ACTIVITY. Copy without pictures. Please restate each line of the listing exactly.

EXERCISE DATA.
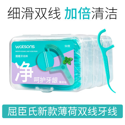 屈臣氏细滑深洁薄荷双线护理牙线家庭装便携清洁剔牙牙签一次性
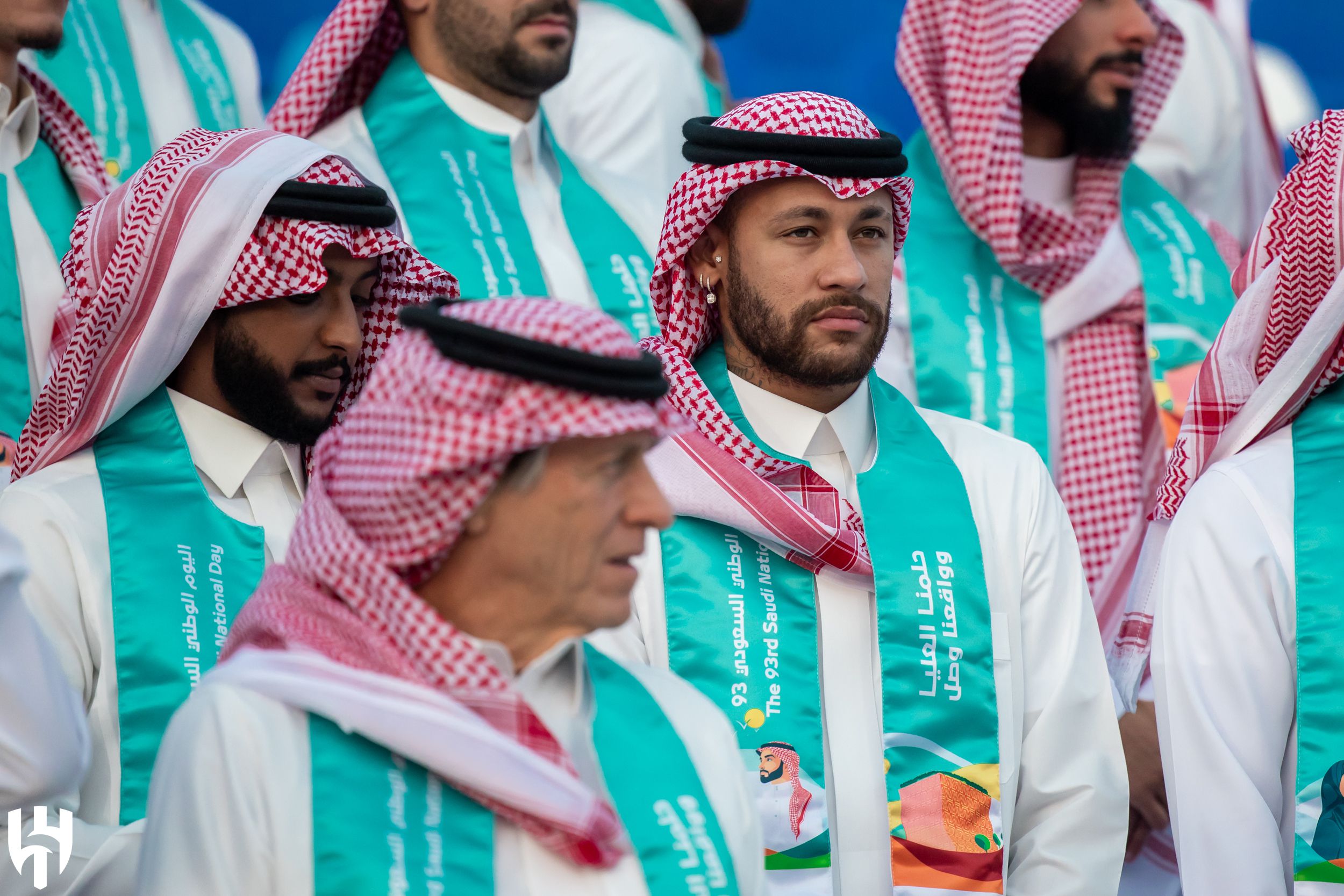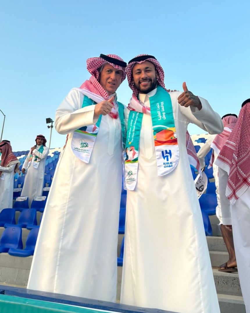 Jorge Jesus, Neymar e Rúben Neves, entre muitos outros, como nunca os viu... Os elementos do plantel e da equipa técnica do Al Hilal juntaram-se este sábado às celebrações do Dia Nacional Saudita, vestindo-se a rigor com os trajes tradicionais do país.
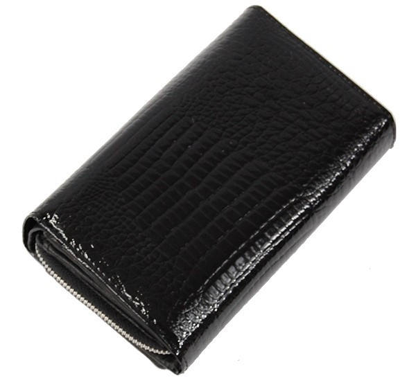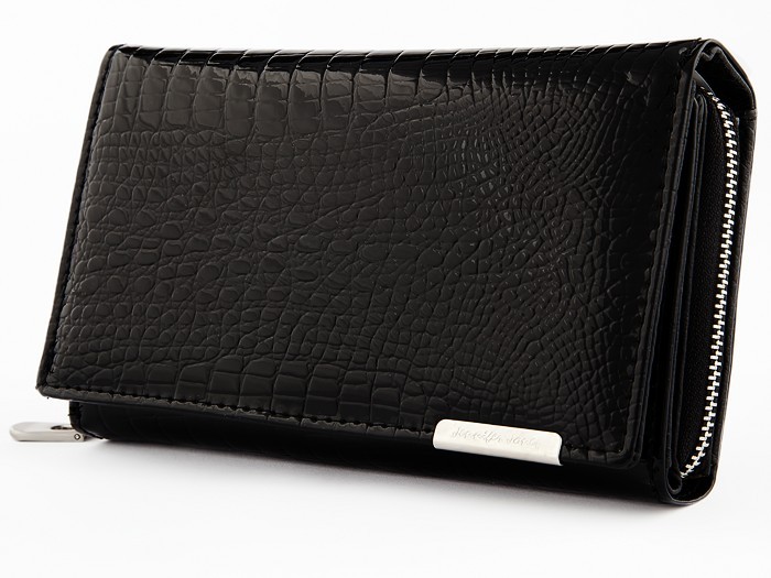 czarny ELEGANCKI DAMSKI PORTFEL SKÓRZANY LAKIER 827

WRITTEN REPLY.
 屈臣氏细滑深洁薄荷双线护理牙线家庭装便携清洁剔牙牙签一次性
 Jorge Jesus, Neymar e Rúben Neves, entre muitos outros, como nunca os viu... Os elementos do plantel e da equipa técnica do Al Hilal juntaram-se este sábado às celebrações do Dia Nacional Saudita, vestindo-se a rigor com os trajes tradicionais do país.
 czarny ELEGANCKI DAMSKI PORTFEL SKÓRZANY LAKIER 827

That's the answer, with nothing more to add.